Dragiša Šarić

Personal information
- Born: 27 January 1961 Bijeljina, PR Bosnia and Herzegovina, Yugoslavia
- Died: 19 July 2008 (aged 47) Pula, Croatia
- Nationality: Serbian
- Listed height: 2.02 m (6 ft 8 in)

Career information
- NBA draft: 1983: undrafted
- Playing career: 1978–1999
- Position: Small forward
- Coaching career: 1999–2008

Career history

Playing
- 1978–1980: Radnik Bijeljina
- 1980–1981: Ušće
- 1981–1987: Radnički Beograd
- 1987–1991: Vojvodina
- 1991–1992: Partizan
- 1992–1993: Profikolor Pančevo
- 1993–1994: Honvéd
- 1994–1997: Beobanka
- 1999: Skallagrímur

Coaching
- 1999: Skallagrímur
- 2001–2002: Lavovi 063 (assistant)
- 2003–2005: NIS Vojvodina (assistant)
- 2005–2007: Vizura Ušće
- 2007: Mega Aqua Monta
- 2007–2008: Partizan (assistant)

Career highlights
- EuroLeague champion (1992); Yugoslav League champion (1992); Yugoslav Cup winner (1992);

= Dragiša Šarić =

Serbian basketball player (1961–2008)

Dragiša Šarić (Драгиша Шарић; 27 January 1961 – 19 July 2008) was a Serbian basketball player and coach.

==Career==
===Club career===
Šarić played for several clubs in his country, most notably with the KK Partizan generation that won the 1991–92 Euroleague.

===Coaching career===
Šarić was an assistant coach with Partizan.
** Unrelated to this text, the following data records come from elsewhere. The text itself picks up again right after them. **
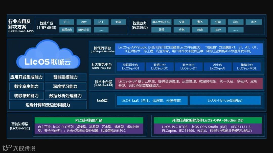 顺应信息化、数字化发展趋势,昆明联诚科技股份有限公司深耕工业互联网领域,聚焦国产自主可控的工业控制器(PLC)和工业云软件行业,基于在物联网、云计算、大数据、人工智能、区块链等核心技术领域的持续研发,打造了自主可控的“联诚云LicOS”核心技术平台。以“联诚云LicOS”为基础平台,联诚科技已成功打造了矿山、冶金、化工、交通、水务、烟草、司法、城市IOC等行业大量的工业互联网平台应用解决方案和项目案例。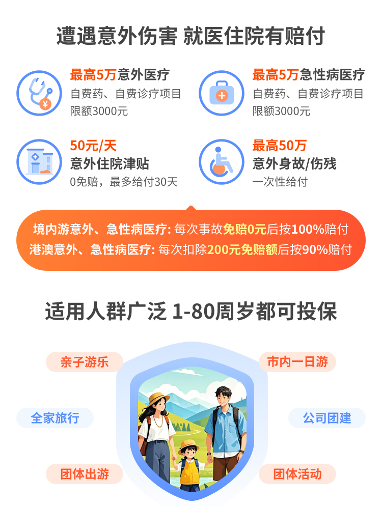 | 意外医疗 | 1万元 | 在保险期间内,被保险人在保单列明的承保区域内旅行期间遭受主险合同责任范围内的意外伤害,并自事故发生或发病之日起一百八十日内(含)所支出的合理且必要的医疗费用,保险公司在保险金额范围内按约定承担保险金给付责任。(每次事故免赔0元后按100%赔付,医疗费用限医保范围内,拓展必要且合理的自费药和自费诊疗项目,限额3000元。出险地点为香港、澳门的意外医疗及急性病医疗按每次事故免赔200元后按90%赔付) |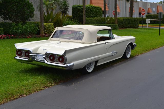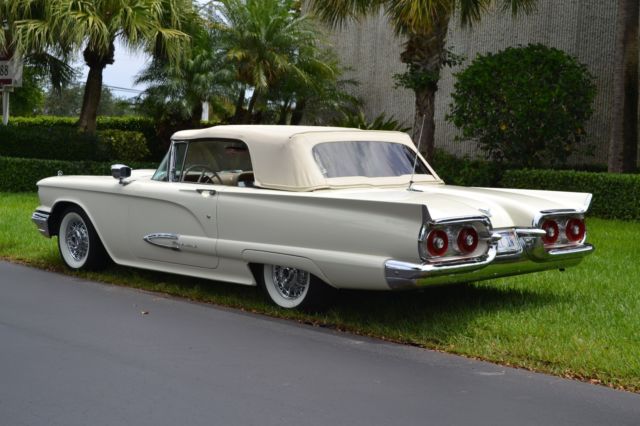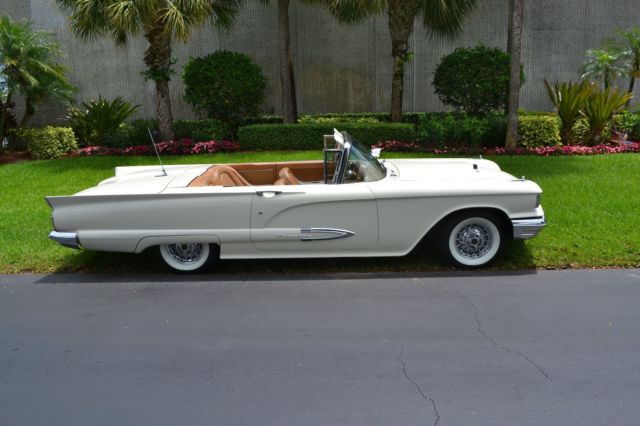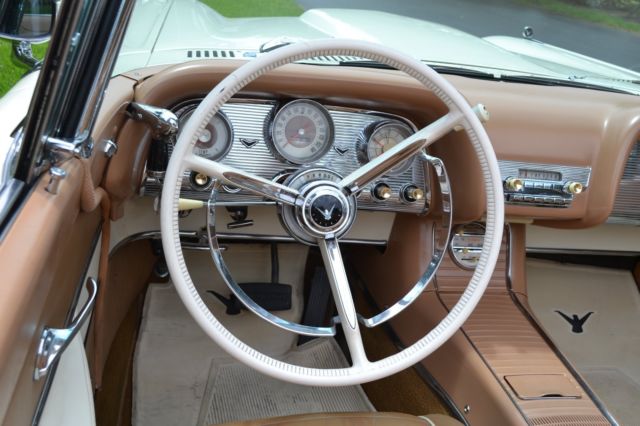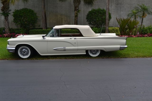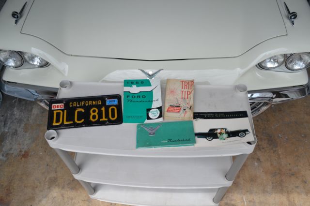Item up for sale is a 1959 Ford Thunderbird Convertible. This Thunderbird convertible features an optional J-code, 430ci. engine with 350 factory horsepower from Ford. In 1959 only 1,168 performance J-code T-Birds were produced. This T- Bird has 76K original miles, 3 owners from new. This car lived most of its life on Nob Hill in San Francisco. (Black Plate included.) Absolutely rust free, numbers matching 430 ci Lincoln Interceptor engine. This Thunderbird is fully optioned with power windows, power steering, power brakes, power seats, power convertible top disappears under the rear deck for a classic smooth styling (push button open/close control under rear deck). Additional options include Kelsey Hayes wire wheels with radial whitewall tires. This Bird also features factory option chrome packages which includes front and rear chrome light bezels, hood scoop, and spot light/rearview mirror. This T-Bird has fender skirts, rear mounted antenna and tinted glass. This car has been taken down to the bare metal with one repaint, new top and top mechanicals. Original leather interior, original manual and sales books. This beautiful Bird has been kept in a climate controlled facility from a private collection, with up to date services. A great luxury cruising car with power and timeless styling. One of equal condition recently sold at Barrett Jackson West Palm Beach for $71,000. Additional photos upon request. Please ask questions. Buyer is fully responsible for pick up and delivery arrangements. It can be viewed upon request at current location.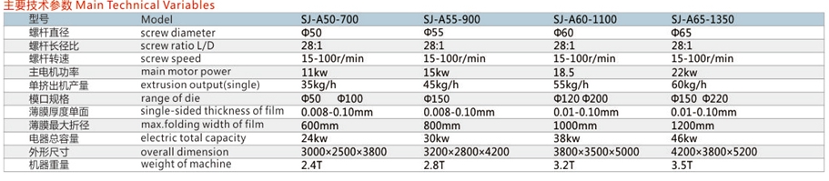 SJ-A50、 55、 60、65系列高低壓超薄吹膜機組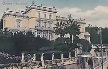 After their father's succession as Grand Duke upon the death of his father on 15 April 1883, Alexandrine grew up with her brother and sister at the Castle in Schwerin, at the royal residences of Ludwigslust Palace and the Gelbensande hunting lodge, only a few kilometres from the Baltic Sea coast.[3] Her father had a fragile health and suffered badly from dermatitis, asthma and respiratory disorders from an early age. The wet, damp, and cold Northern European climate of Mecklenburg was not good for his health, and as a result, Alexandrine spent a large amount of time with her family away from Mecklenburg, by the Lake Geneva, and in Palermo, Baden-Baden and Cannes in the south of France, where the family owned a large estate, the Villa Wenden.[1] Cannes was favoured at the time by European royalty, including some whom Alexandrine met such as Empress Eugénie of France and her future husband's uncle, Edward VII of the United Kingdom.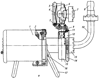 накидная гайка; 14 - зажимное кольцо; 15 - корпус; 16 - болт; 17 - опора; б-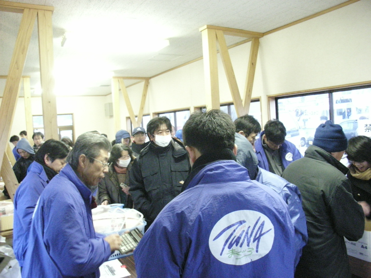 2007年12月23日 まぐろ直販 早朝年末恒例の、北カツ主催のまぐろ直売会です。7時からの販売なのに、一番早い人は4時から並んでいたそうです。開始時間には200名近くの行列で大変な賑わいでした。燃油高騰で厳しい状況が続きますが地域の基幹産業として何とか踏ん張ってもらいたいとねがっています。 午後、気仙沼市も舞台となった、自虐の詩 の上映会があり全く久しぶりの映画鑑賞です。画面いっぱいにひろがる気仙沼港はやっぱり素晴らしい景色ですね。笑ったり泣いたり忙しいひと時でした。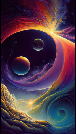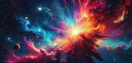 AI Generated. A dynamic abstract background with fluid shapes and bursts of color that mimic the chaotic beauty of a cosmic nebula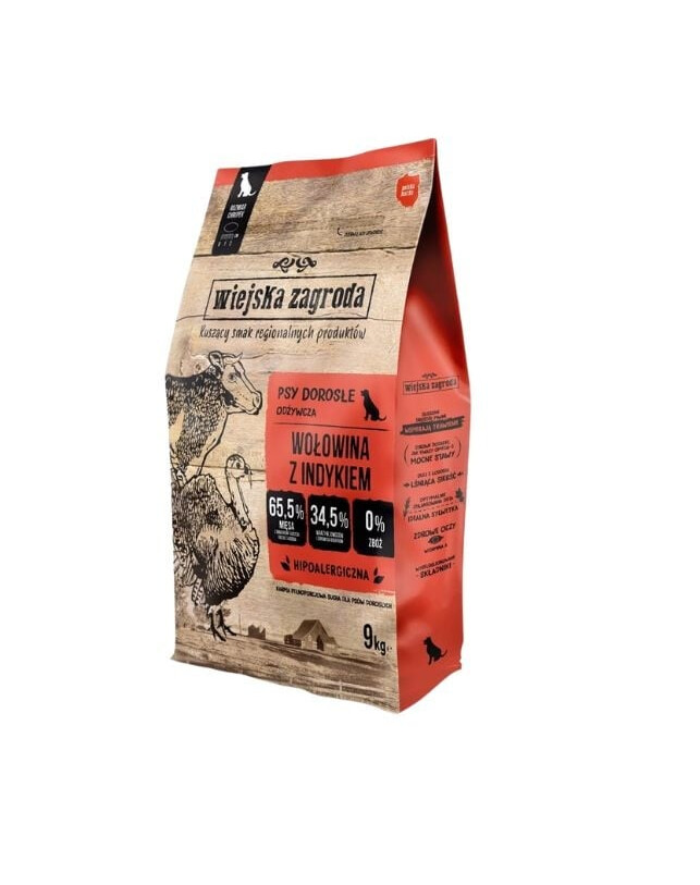 WIEJSKA ZAGRODA Rindfleisch mit Pute ist ein Alleinfuttermittel für größere Hunderassen.

Before that, he was also the head coach of Vizura.

Šarić was also player-coach for Úrvalsdeild karla club Skallagrímur from July 1999 until his resignation in November that same year.

==Death==
Šarić died while on a vacation in Pula, Croatia on 19 July 2008 from heart-related issues.